WORK INSTRUCTIONS => Type out all the records once more, exactly.

SUPPLIED MATERIAL =>
========================================================================

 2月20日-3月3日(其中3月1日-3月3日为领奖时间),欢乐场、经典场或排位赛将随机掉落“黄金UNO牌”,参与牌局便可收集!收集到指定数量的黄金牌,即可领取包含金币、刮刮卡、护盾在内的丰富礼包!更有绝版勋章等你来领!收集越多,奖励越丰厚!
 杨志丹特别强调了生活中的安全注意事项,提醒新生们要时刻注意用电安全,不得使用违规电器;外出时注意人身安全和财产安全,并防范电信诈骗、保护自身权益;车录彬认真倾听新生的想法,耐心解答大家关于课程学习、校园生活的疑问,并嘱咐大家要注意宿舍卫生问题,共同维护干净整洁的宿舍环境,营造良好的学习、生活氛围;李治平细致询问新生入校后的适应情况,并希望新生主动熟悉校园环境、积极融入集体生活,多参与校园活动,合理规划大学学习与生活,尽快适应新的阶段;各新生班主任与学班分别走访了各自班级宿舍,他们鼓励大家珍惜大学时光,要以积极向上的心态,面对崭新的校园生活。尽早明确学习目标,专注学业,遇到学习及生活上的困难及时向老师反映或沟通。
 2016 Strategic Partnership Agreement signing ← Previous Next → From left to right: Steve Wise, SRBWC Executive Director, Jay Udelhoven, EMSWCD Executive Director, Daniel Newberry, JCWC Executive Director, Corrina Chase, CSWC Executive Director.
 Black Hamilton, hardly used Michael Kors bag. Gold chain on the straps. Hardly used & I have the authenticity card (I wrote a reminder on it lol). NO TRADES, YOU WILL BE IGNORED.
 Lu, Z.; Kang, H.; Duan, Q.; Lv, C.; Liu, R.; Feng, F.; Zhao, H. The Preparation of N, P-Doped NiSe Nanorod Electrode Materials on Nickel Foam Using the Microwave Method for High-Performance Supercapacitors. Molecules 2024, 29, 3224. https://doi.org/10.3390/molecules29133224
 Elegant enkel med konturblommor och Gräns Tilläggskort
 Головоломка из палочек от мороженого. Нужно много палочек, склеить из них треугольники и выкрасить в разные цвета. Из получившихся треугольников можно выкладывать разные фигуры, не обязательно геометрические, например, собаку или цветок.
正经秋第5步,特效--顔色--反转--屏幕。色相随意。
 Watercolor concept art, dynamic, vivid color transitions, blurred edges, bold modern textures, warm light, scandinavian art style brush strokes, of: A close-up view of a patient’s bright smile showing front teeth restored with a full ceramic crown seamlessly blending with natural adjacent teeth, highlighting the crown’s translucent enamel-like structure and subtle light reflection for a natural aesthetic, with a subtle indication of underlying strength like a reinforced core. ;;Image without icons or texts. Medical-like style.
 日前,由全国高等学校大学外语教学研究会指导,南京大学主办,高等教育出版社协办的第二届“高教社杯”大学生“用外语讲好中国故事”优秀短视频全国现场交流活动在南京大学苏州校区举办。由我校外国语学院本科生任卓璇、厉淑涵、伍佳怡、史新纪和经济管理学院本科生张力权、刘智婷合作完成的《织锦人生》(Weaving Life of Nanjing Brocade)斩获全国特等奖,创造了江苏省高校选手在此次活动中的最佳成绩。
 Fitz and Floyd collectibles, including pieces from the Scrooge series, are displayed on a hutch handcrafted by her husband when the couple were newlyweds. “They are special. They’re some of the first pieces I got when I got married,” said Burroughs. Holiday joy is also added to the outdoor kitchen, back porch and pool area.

========================================================================

ANSWER TO THIS TASK =>
 2月20日-3月3日(其中3月1日-3月3日为领奖时间),欢乐场、经典场或排位赛将随机掉落“黄金UNO牌”,参与牌局便可收集!收集到指定数量的黄金牌,即可领取包含金币、刮刮卡、护盾在内的丰富礼包!更有绝版勋章等你来领!收集越多,奖励越丰厚!
 杨志丹特别强调了生活中的安全注意事项,提醒新生们要时刻注意用电安全,不得使用违规电器;外出时注意人身安全和财产安全,并防范电信诈骗、保护自身权益;车录彬认真倾听新生的想法,耐心解答大家关于课程学习、校园生活的疑问,并嘱咐大家要注意宿舍卫生问题,共同维护干净整洁的宿舍环境,营造良好的学习、生活氛围;李治平细致询问新生入校后的适应情况,并希望新生主动熟悉校园环境、积极融入集体生活,多参与校园活动,合理规划大学学习与生活,尽快适应新的阶段;各新生班主任与学班分别走访了各自班级宿舍,他们鼓励大家珍惜大学时光,要以积极向上的心态,面对崭新的校园生活。尽早明确学习目标,专注学业,遇到学习及生活上的困难及时向老师反映或沟通。
 2016 Strategic Partnership Agreement signing ← Previous Next → From left to right: Steve Wise, SRBWC Executive Director, Jay Udelhoven, EMSWCD Executive Director, Daniel Newberry, JCWC Executive Director, Corrina Chase, CSWC Executive Director.
 Black Hamilton, hardly used Michael Kors bag. Gold chain on the straps. Hardly used & I have the authenticity card (I wrote a reminder on it lol). NO TRADES, YOU WILL BE IGNORED.
 Lu, Z.; Kang, H.; Duan, Q.; Lv, C.; Liu, R.; Feng, F.; Zhao, H. The Preparation of N, P-Doped NiSe Nanorod Electrode Materials on Nickel Foam Using the Microwave Method for High-Performance Supercapacitors. Molecules 2024, 29, 3224. https://doi.org/10.3390/molecules29133224
 Elegant enkel med konturblommor och Gräns Tilläggskort
 Головоломка из палочек от мороженого. Нужно много палочек, склеить из них треугольники и выкрасить в разные цвета. Из получившихся треугольников можно выкладывать разные фигуры, не обязательно геометрические, например, собаку или цветок.
正经秋第5步,特效--顔色--反转--屏幕。色相随意。
 Watercolor concept art, dynamic, vivid color transitions, blurred edges, bold modern textures, warm light, scandinavian art style brush strokes, of: A close-up view of a patient’s bright smile showing front teeth restored with a full ceramic crown seamlessly blending with natural adjacent teeth, highlighting the crown’s translucent enamel-like structure and subtle light reflection for a natural aesthetic, with a subtle indication of underlying strength like a reinforced core. ;;Image without icons or texts. Medical-like style.
 日前,由全国高等学校大学外语教学研究会指导,南京大学主办,高等教育出版社协办的第二届“高教社杯”大学生“用外语讲好中国故事”优秀短视频全国现场交流活动在南京大学苏州校区举办。由我校外国语学院本科生任卓璇、厉淑涵、伍佳怡、史新纪和经济管理学院本科生张力权、刘智婷合作完成的《织锦人生》(Weaving Life of Nanjing Brocade)斩获全国特等奖,创造了江苏省高校选手在此次活动中的最佳成绩。
 Fitz and Floyd collectibles, including pieces from the Scrooge series, are displayed on a hutch handcrafted by her husband when the couple were newlyweds. “They are special. They’re some of the first pieces I got when I got married,” said Burroughs. Holiday joy is also added to the outdoor kitchen, back porch and pool area.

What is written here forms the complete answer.